Похитители объявились утром. Держась от забора на почтительном расстоянии, зловеще размахивали саблями. Робин и бровью не повел, задернул брезентовую ширму и с наслаждением шагнул под прохладный душ. Для полного счастья не хватало только бритвы (за несколько дней Робин успел порядочно обрасти). Он уже собрался выходить, как вдруг на пороге конторы, зевая, возникла Манижа. Робин поспешно оделся — благо, вещи висели неподалеку.
— Зачем ты льешь воду на голову? — полюбопытствовала Манижа.
— Старый обычай свинопасов, — огрызнулся он.
Девушка сдвинула ширму и с интересом заглянула внутрь.

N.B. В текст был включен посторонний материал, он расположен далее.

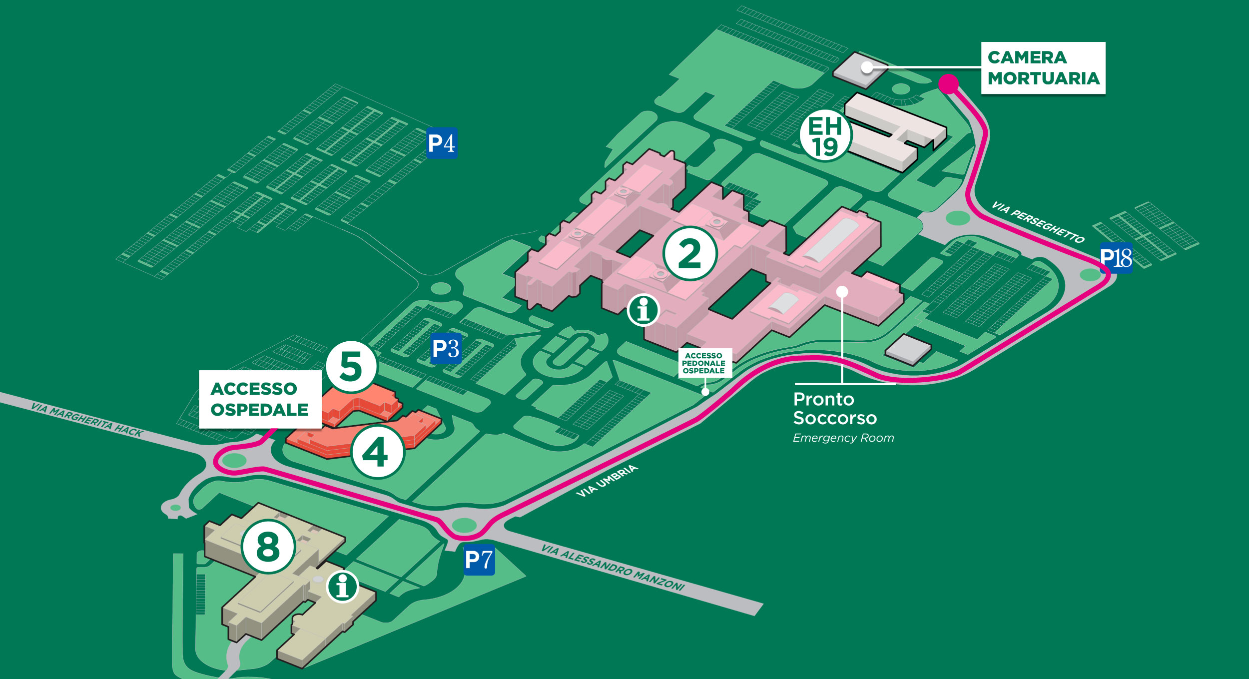 La Camera Mortuaria è sita in Strada Comunale Cascina Perseghetto, 16/A ed è raggiungibile dall’ospedale seguendo le indicazioni di seguito riportate.

— Смотри, поворачиваешь этот краник, и душ включается, — пустился в объяснения Робин. — Поворачиваешь в обратную сторону — выключается. Встаешь под емкость с дырочками. Вода, правда, холодная, и нет… нет (он так и не сумел подобрать анатолийский синоним к слову «мыло»)… В общем, попробуй — очень освежает.
— Ха! — фыркнула она. — Дочь царя Креза никогда не станет лить себе воду на голову.
Кто еще из них свинопас!
— Принеси поесть, — распорядилась Манижа. — Я голодна.
Робин сварил свежий кофе, поджарил гамбургеры и отнес завтрак в контору.
— Где же те дивные хрустящие галеты? — нахмурилась принцесса.
Галеты?
— Ты про картофель-фри? Сделаю на ужин. А пока мне пора за работу, — многозначительно произнес Робин.
Он убрал со стола и занялся плотом. Пираты по-прежнему толпились за забором и на каждый взгляд в свою сторону отвечали взмахом сабель. Потом забава им наскучила, и они скрылись за горными грядами Миноса.
Наступил полдень.
— Я голодна, — крикнула Манижа из конторы. — Принеси поесть.
Робин скрипнул зубами. Хороша Пятница! Хотя спас он ее в субботу, значит и звать надо Субботой.
Фини всегда везло как утопленнику.
Он чистил картофель, как вдруг краем глаза увидел Манижу, с любопытством посматривающую ему через плечо.
— Так готовят галеты?
— Это только первый этап. Давай покажу.
Он сунул ей в правую руку специальный нож, в левую вложил клубень.
— Смотри, поворачиваешь картошку и счищаешь кожуру.
Покончив с чисткой, Робин объяснил, как класть картофель в резку, а потом в проволочной корзине опускать в заранее разогретый фритюр. Затем настал черед гамбургеров и кофе. Манижа радовалась как ребенок, хлопала в ладоши, а когда кипящая вода из нижней сферы кофеварки таинственным образом перекочевала в верхнюю, у девушки вырвалось благоговейное «Ах».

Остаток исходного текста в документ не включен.